Predictive Learning in R
Chapter 1 Preface
Predictive Modeling is a type of Machine Learning which itself is a sub branch of Artificial Intelligence. The following graphic provides us with some history of these domains. This is helpful if you are trying to orient yourself in the world of analytics and machine learning. Note that AI has been around for quite some time. The Wikipedia definition of AI is:
The study of “intelligent agents”: any device that perceives its environment and takes actions that maximize its chance of successfully achieving its goals
1.1 Machine Learning
Machine Learning relies upon “patterns and inference”" to “perform a specific task without using explicit instructions”. It is a form of Applied AI that attempts to automatically learn from experience without being explicitly programmed. Think of Predictive Modeling as a subset of this which falls into two categories:
Supervised
Algorithms that build a model on a set of data containing both the inputs and the desired outputs (“labels” or known numeric values). When you want to map input to known output labels. Build a model that, when applied to “new” data, will hopefully predict the correct label.
Some common techniques for Supervised learning include: Generalized Linear Models (GLM), Logistic Regression, Random Forests, Decision Trees, Neural Networks, Multivariate Adaptive Regression Splines (MARS), and K Nearest Neighbors.
Unsupervised
Algorithms that take a set of data that contains only inputs, and find structure in the data (e.g. clustering of data points)
Some common techniques for unsupervised learning include: hierarchical clustering, k-means clustering, mixture models, DBSCAN, Association Rules, Neural Networks
1.2 Predictive Modeling
This lecture is concerned primarily with Predictive Modeling. Some examples of Predictive Modeling include:
Predict current CD4 cell count of an HIV-positive patient using genome sequences
Predict Success of Grant Applications
Use attributes of chemical compounds to predict likelihood of hepatic injury
How many copies of a new book will sell ?
Will a customer change Internet Service Providers ?
In this domain there are generally two types of predictive models.
1.3 In-Sample vs Out-Of-Sample Error
The goal of predictive model is to generate models that can generalize to new data. It would be good if any model we generate could provide a good estimate of out of sample error. It’s easy to generate a model on an entire data set (in sample data) and then turn around and use that data for prediction. But how will it perform on new data ? Haven’t we just over trained our model ?
1.4 Performance Metrics
For either case (regression vs classification) we need some type of metric or measure to let us know how well a given model will work on new or unseen data - also known as “out of sample” data. for Classification problems we look at things like “sensitivity”, “specificity”, “accuracy”, and “Area Under Curve”.
For Quantitative outcomes, we look at things like Root Mean Square Error (RMSE) or Mean Absolute Error (MAE). Here is the formula for Root Mean Square Error (RMSE). P represents a vector of predictions and O represents a vector of the observed (true) values.

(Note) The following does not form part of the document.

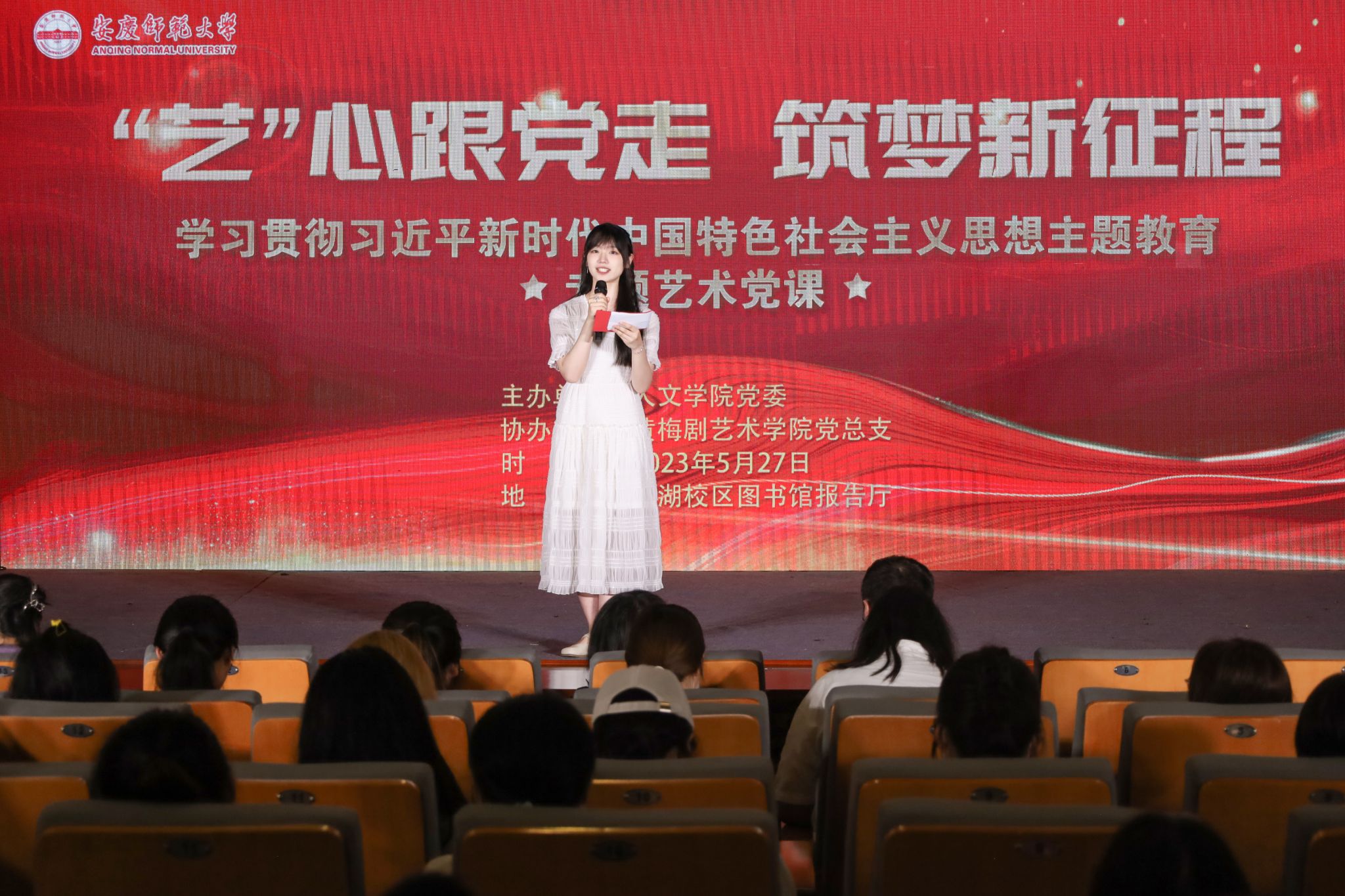 5月27日,一场主题为“艺心跟党走,筑梦新征程”——学习贯彻习近平新时代中国特色社会主义思想主题教育专题艺术党课在菱湖校区图书馆报告厅拉开帷幕。校党委组织部副部长吕佳、beat365亚洲体育官方网站党委副书记王波、黄梅剧艺术学院副院长刘国平出席活动,两院学生党支部书记等教师代表、第67期入党积极分子、第3期青马班学员近230余人到场观看。

\[ RMSE = \sqrt\frac{\sum_i^n(P_i-O_i)^2}{n} \]
1.5 Black Box
The good news is that you can treat building predictive models as a “Black Box”. The bad news is that you can treat building predictive models as a “Black Box”.
It’s better to get up and running with building some models than it is to sit back and read how to do it. The process of assessing models and diagnosing them can be an in depth process thus I don’t wish to understate what it takes to do that. However, moving forward with some of the basic mechanics and concepts is good. One can always work with the individual methods or go to Section 6 to start with caret. The larger message is to get busy getting your hands dirty.